▸ Your task: Please set out each line below exactly as it stands, without the images.

▸ Raw data:
>>>>>
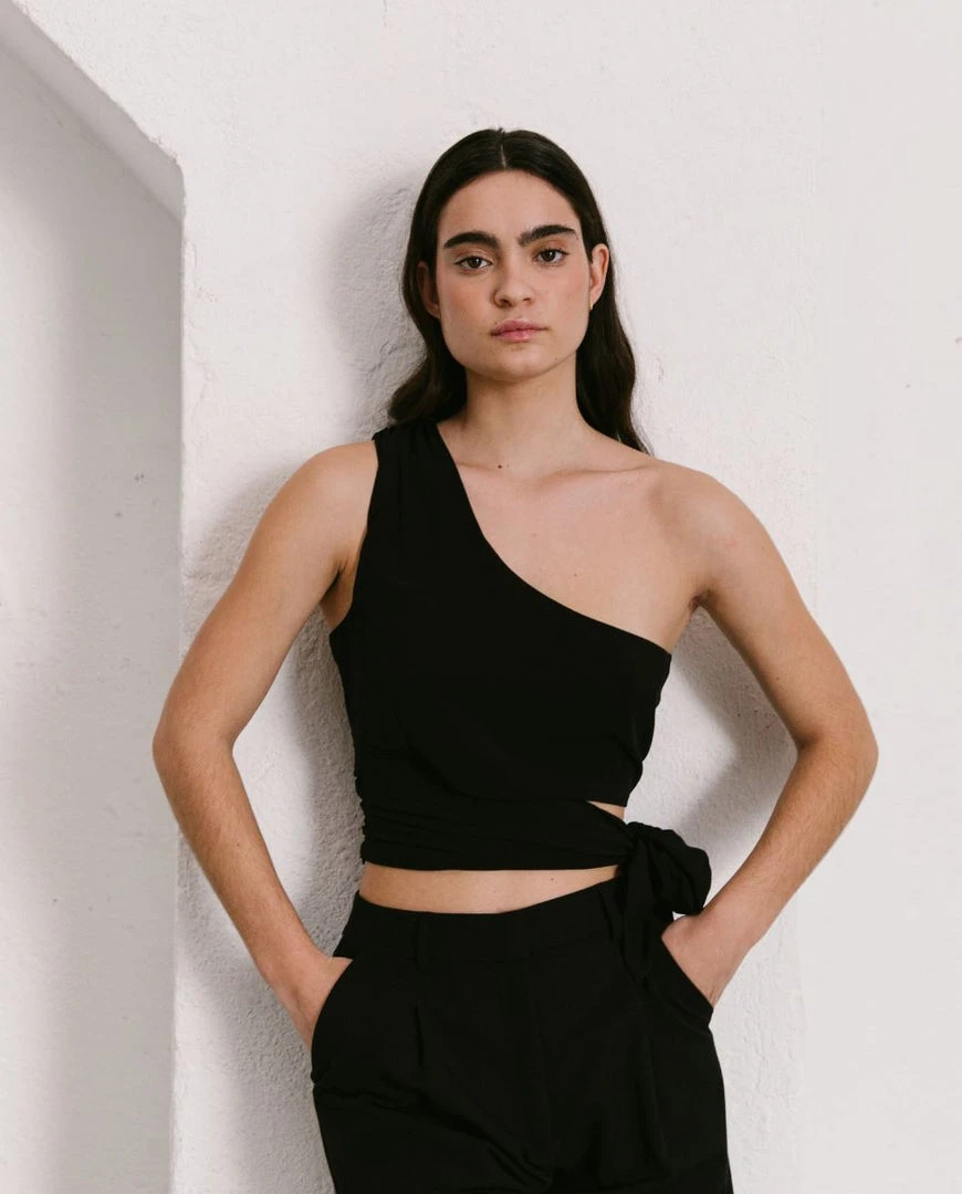 Simply irresistible. An open shoulder crop top with an adjustable side wrap to knot and tie any way you like. The ultimate Y2K look.
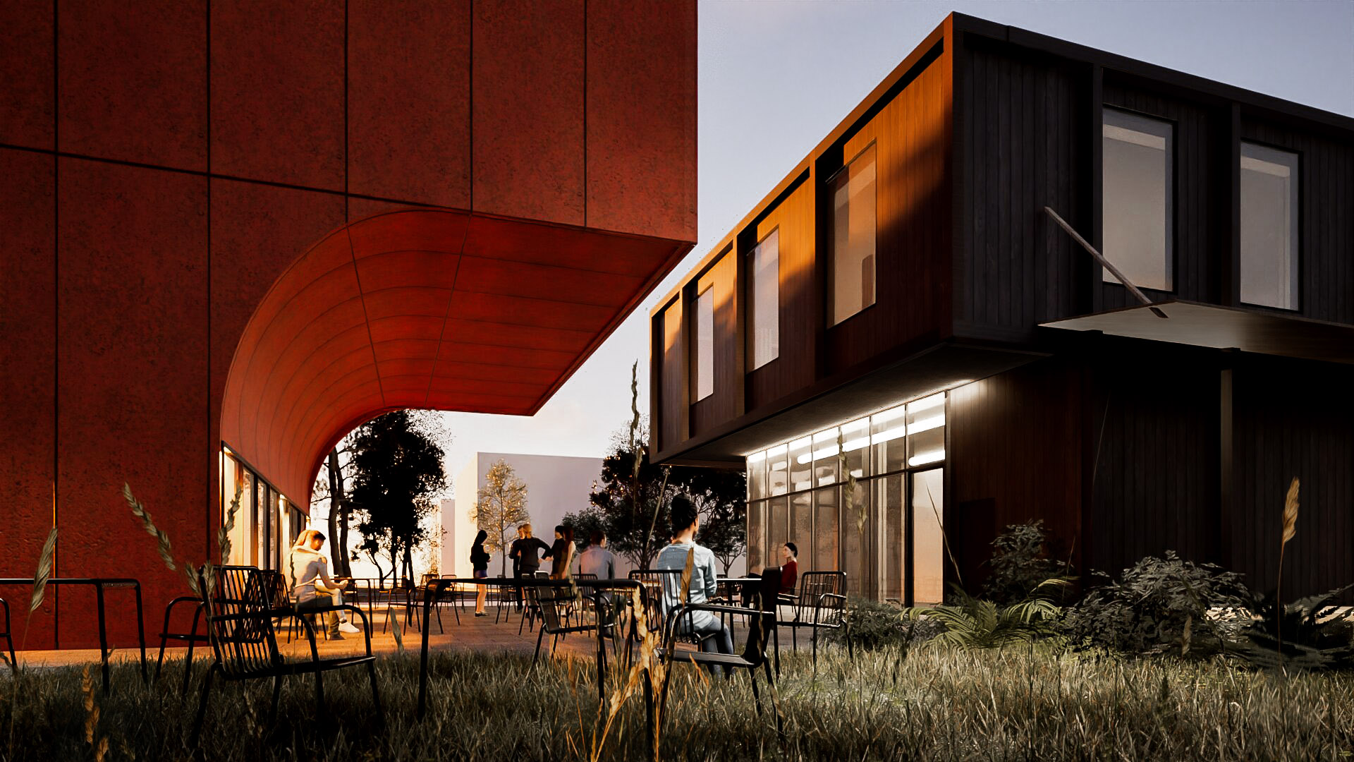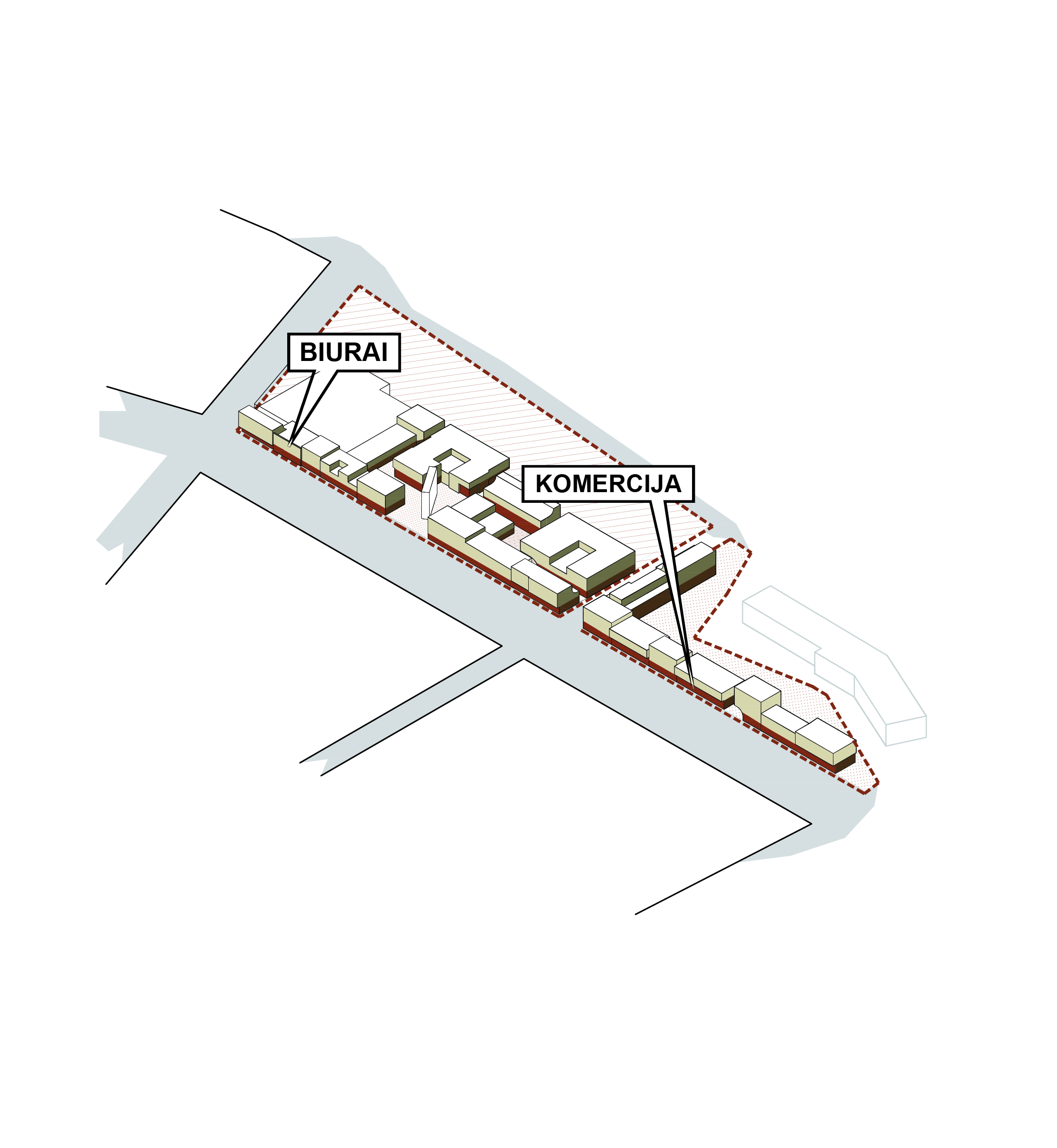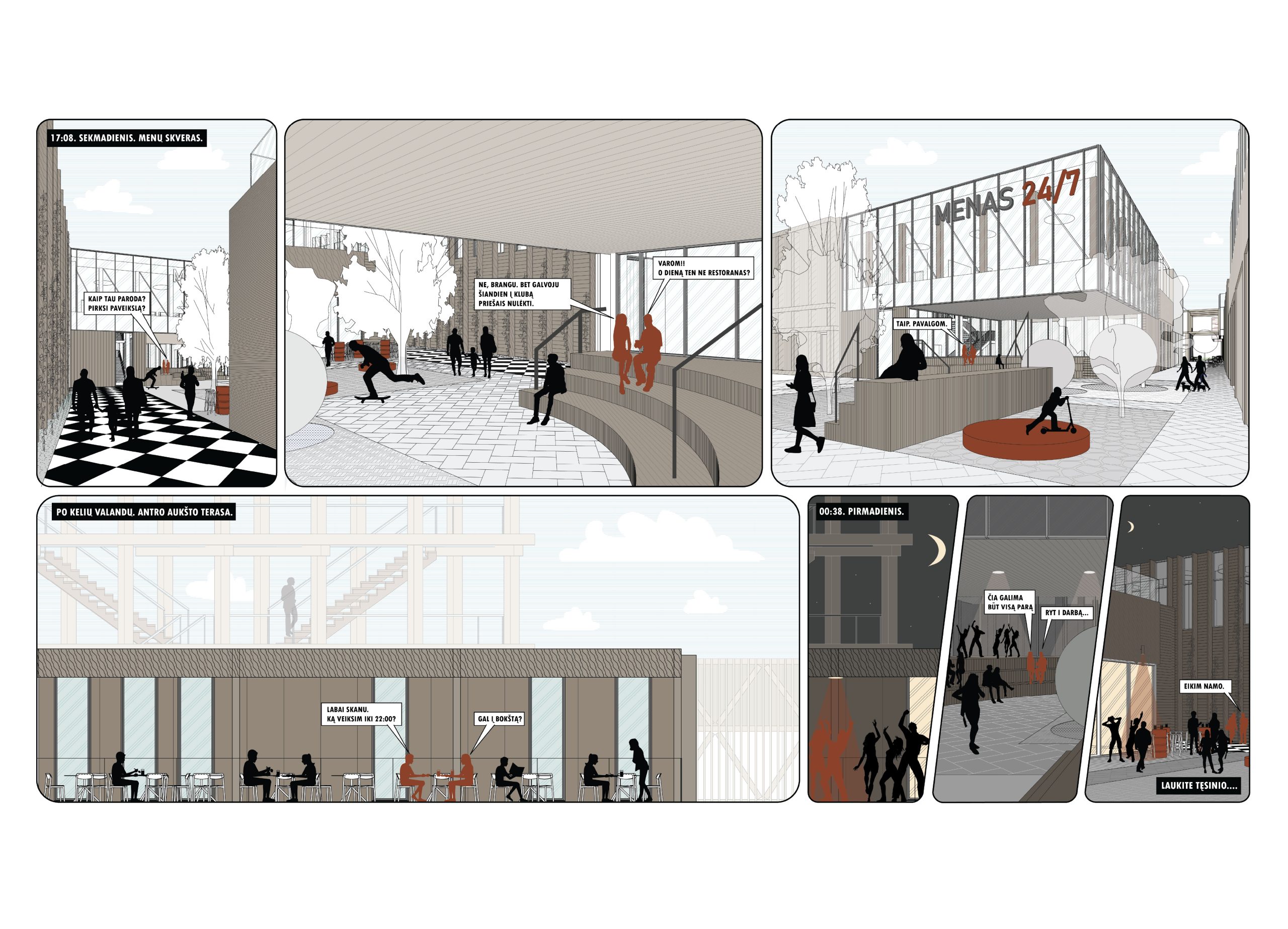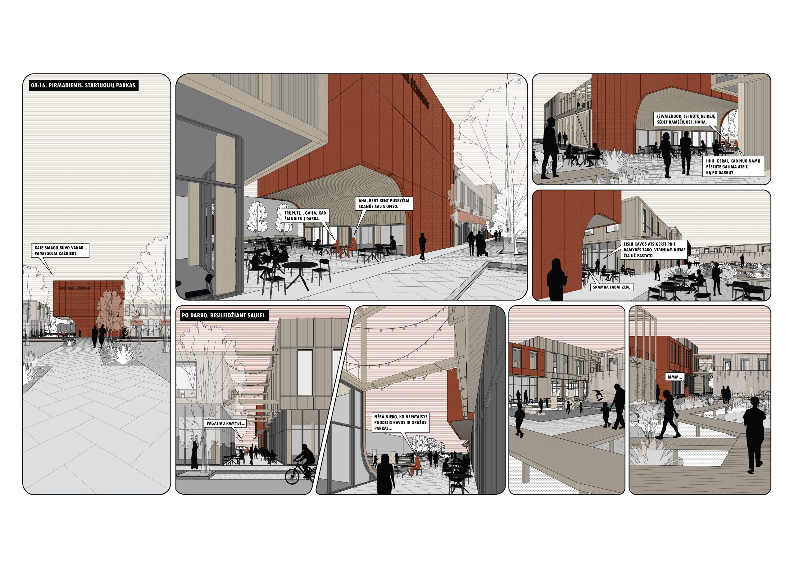 The functions of the internal and public spaces form the concept of a 24/7 vibrant district
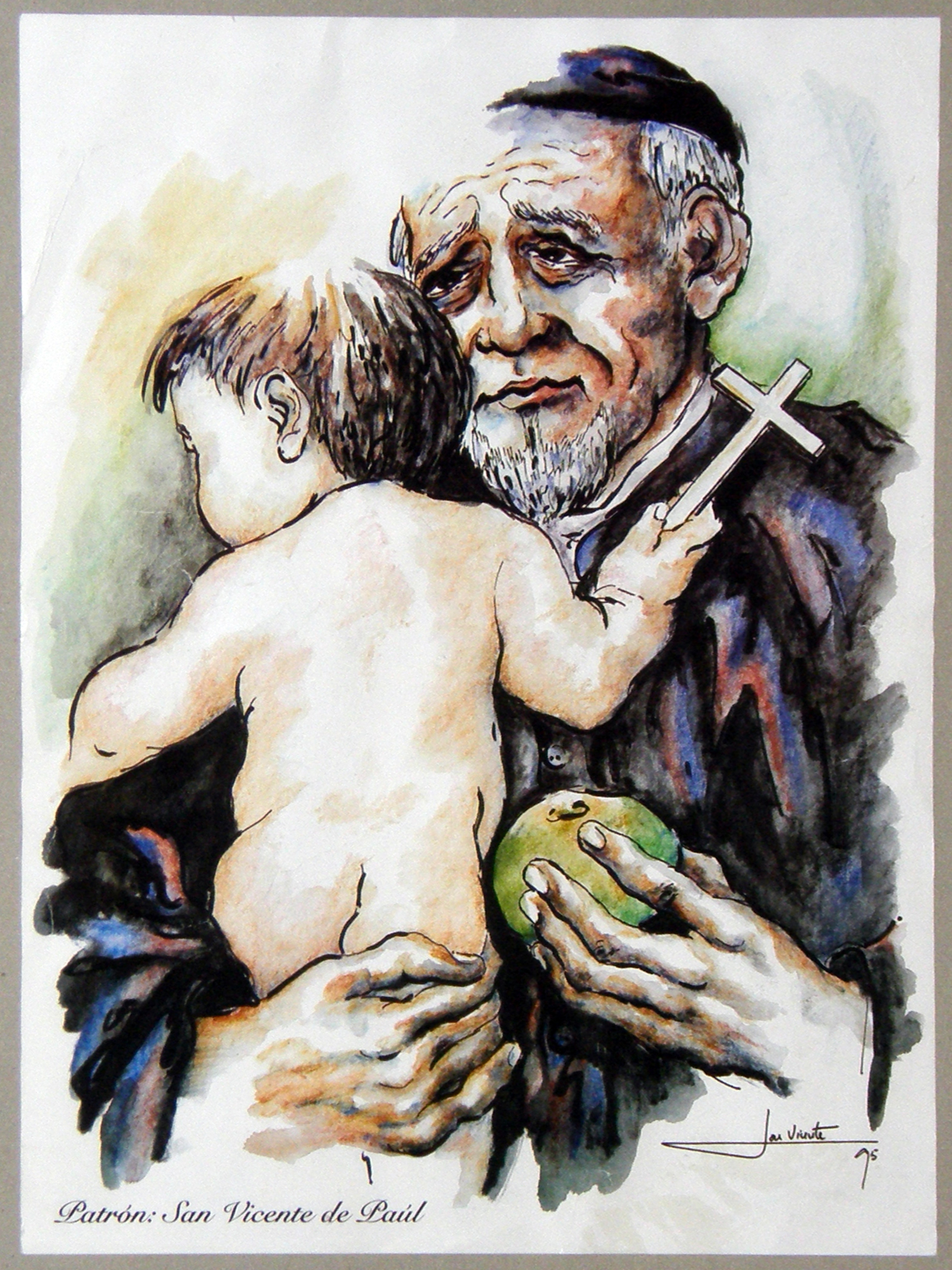 Vincent de Paul, with child holding cross; Watercolor, dated 1995; original in provincial offices, province of Zaragoza; unsigned
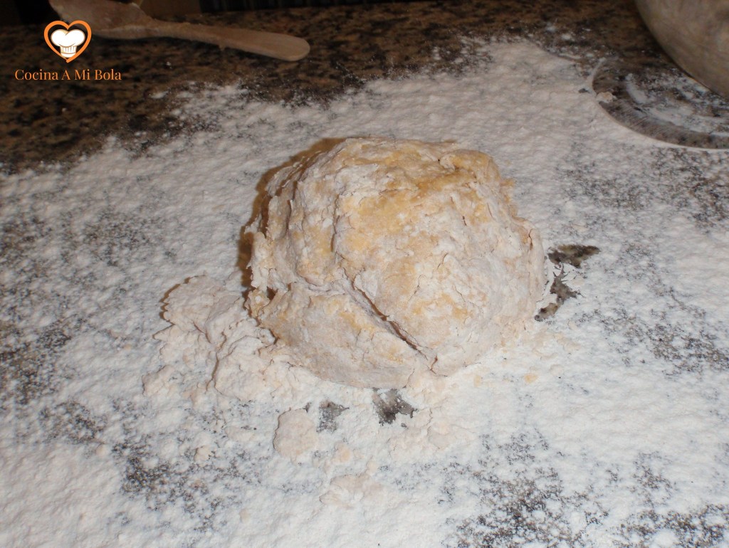 SEGUNDO.- Prepara la masa como indico en la receta citada más arriba. Es fundamental amasar mucho y amasar bien, aunque cueste. Si dispones de máquina amasadora y lo estás haciendo a mano, yo que tú me lo haría mirar por el médico. No olvides que se amasa mejor si los huevos están a temperatura ambiente y que la masa no estará bien si es pegajosa. Por otra parte, si está demasiado dura o se nos rompe, necesitará algo de líquido.
<<<<<
▸ Task solution:
 Simply irresistible. An open shoulder crop top with an adjustable side wrap to knot and tie any way you like. The ultimate Y2K look.
 The functions of the internal and public spaces form the concept of a 24/7 vibrant district
 Vincent de Paul, with child holding cross; Watercolor, dated 1995; original in provincial offices, province of Zaragoza; unsigned
 SEGUNDO.- Prepara la masa como indico en la receta citada más arriba. Es fundamental amasar mucho y amasar bien, aunque cueste. Si dispones de máquina amasadora y lo estás haciendo a mano, yo que tú me lo haría mirar por el médico. No olvides que se amasa mejor si los huevos están a temperatura ambiente y que la masa no estará bien si es pegajosa. Por otra parte, si está demasiado dura o se nos rompe, necesitará algo de líquido.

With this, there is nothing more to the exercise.